--- START ---

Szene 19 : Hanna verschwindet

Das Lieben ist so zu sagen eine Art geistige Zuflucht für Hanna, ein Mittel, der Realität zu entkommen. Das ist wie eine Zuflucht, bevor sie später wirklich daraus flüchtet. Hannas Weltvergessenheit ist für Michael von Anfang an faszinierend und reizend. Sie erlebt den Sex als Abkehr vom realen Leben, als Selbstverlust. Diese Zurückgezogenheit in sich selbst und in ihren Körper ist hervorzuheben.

--- END ---
--- START ---

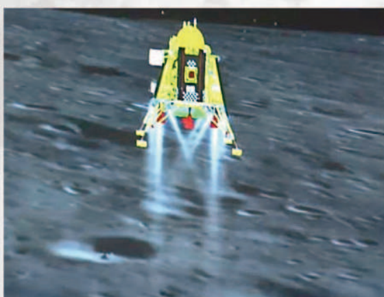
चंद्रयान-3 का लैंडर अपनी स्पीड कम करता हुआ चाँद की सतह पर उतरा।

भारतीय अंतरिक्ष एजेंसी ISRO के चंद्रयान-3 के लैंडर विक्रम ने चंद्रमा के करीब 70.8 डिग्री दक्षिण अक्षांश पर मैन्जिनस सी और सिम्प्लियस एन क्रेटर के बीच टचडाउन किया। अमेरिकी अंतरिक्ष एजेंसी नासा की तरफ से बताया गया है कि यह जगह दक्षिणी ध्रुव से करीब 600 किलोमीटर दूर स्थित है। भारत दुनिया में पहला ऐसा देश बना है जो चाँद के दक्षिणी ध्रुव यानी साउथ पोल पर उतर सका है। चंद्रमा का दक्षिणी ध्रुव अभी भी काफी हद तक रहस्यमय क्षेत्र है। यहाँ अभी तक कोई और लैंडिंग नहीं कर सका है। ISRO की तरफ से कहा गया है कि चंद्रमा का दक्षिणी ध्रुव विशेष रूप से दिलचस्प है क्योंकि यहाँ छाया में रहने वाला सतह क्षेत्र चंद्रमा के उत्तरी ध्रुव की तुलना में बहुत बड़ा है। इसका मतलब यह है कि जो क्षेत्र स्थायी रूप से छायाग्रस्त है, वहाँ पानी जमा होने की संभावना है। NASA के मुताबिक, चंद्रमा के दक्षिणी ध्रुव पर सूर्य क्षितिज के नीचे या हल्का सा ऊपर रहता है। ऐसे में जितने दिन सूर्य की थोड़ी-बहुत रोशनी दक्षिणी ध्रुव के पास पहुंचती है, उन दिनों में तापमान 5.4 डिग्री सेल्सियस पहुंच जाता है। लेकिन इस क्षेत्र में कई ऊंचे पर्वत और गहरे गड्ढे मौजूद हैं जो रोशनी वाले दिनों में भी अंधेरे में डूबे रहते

--- END ---
--- START ---

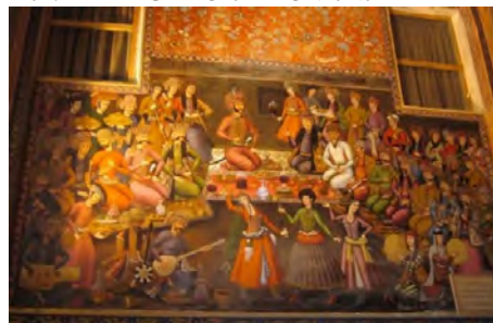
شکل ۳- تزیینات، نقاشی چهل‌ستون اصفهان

--- END ---

* [Exercise directions]
Start with the line above that contains "Szene 19 : Hanna verschwindet" and end with the line that contains "Das Lieben ist". Write out those lines exactly, and only those.

* [Response box]
Szene 19 : Hanna verschwindet

Das Lieben ist so zu sagen eine Art geistige Zuflucht für Hanna, ein Mittel, der Realität zu entkommen. Das ist wie eine Zuflucht, bevor sie später wirklich daraus flüchtet. Hannas Weltvergessenheit ist für Michael von Anfang an faszinierend und reizend. Sie erlebt den Sex als Abkehr vom realen Leben, als Selbstverlust. Diese Zurückgezogenheit in sich selbst und in ihren Körper ist hervorzuheben.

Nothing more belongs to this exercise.